## ACTIVITY
In the entries below, count every line that has the string "This", and answer with that count alone.

## Stored dataset items
== == ==

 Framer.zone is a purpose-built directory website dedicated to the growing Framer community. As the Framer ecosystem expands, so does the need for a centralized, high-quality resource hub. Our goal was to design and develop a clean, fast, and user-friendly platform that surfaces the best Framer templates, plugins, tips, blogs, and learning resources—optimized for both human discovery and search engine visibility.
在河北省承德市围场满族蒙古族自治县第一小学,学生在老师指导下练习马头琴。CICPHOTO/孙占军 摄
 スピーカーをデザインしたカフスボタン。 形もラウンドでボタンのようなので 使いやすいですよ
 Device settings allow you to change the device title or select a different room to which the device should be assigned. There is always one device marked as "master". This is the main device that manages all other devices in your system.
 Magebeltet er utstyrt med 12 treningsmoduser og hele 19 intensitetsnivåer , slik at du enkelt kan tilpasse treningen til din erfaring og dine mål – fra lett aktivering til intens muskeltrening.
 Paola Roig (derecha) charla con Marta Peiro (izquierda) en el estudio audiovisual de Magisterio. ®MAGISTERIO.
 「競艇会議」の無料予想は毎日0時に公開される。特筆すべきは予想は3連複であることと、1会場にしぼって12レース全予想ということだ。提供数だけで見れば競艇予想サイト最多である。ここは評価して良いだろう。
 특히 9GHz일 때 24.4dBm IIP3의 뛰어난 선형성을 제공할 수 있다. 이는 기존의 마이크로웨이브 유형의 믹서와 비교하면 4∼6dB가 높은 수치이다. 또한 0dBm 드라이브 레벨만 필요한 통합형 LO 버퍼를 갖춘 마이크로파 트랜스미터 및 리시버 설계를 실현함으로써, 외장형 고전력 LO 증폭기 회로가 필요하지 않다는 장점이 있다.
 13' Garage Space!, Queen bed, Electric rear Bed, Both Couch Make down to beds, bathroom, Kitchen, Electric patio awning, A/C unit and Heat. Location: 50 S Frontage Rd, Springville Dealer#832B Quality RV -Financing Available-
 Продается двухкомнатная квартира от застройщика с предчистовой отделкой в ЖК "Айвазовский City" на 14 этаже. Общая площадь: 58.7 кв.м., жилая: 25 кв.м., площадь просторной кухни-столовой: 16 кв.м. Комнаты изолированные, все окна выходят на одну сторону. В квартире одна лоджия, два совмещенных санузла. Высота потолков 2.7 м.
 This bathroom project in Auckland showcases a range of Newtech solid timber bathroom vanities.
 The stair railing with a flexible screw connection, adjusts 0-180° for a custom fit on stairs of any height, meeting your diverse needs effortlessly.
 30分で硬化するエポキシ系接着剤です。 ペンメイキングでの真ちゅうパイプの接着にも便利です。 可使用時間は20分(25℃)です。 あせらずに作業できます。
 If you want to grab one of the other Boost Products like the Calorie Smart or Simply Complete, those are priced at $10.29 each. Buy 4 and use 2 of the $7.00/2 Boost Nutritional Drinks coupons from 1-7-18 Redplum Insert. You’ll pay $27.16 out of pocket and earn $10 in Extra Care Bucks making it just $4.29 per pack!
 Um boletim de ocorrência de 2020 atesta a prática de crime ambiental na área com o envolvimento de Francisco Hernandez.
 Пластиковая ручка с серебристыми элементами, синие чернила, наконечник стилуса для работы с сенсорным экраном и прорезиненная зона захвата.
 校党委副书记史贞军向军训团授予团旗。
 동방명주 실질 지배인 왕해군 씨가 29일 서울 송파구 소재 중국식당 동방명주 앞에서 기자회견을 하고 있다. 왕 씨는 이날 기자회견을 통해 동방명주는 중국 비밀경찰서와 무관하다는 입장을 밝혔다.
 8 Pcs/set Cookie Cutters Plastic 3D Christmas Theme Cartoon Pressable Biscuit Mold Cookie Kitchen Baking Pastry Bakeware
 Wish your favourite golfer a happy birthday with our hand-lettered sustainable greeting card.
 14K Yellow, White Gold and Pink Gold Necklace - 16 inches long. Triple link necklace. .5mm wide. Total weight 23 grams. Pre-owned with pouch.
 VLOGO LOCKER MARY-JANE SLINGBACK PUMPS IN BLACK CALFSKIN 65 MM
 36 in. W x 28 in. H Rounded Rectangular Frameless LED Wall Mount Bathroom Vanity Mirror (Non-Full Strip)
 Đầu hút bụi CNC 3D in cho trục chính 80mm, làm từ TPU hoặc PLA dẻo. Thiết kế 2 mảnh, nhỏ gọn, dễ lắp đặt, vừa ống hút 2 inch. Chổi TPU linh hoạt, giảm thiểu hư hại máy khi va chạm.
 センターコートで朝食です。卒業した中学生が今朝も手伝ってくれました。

== == ==

## EXPECTED ANSWER
2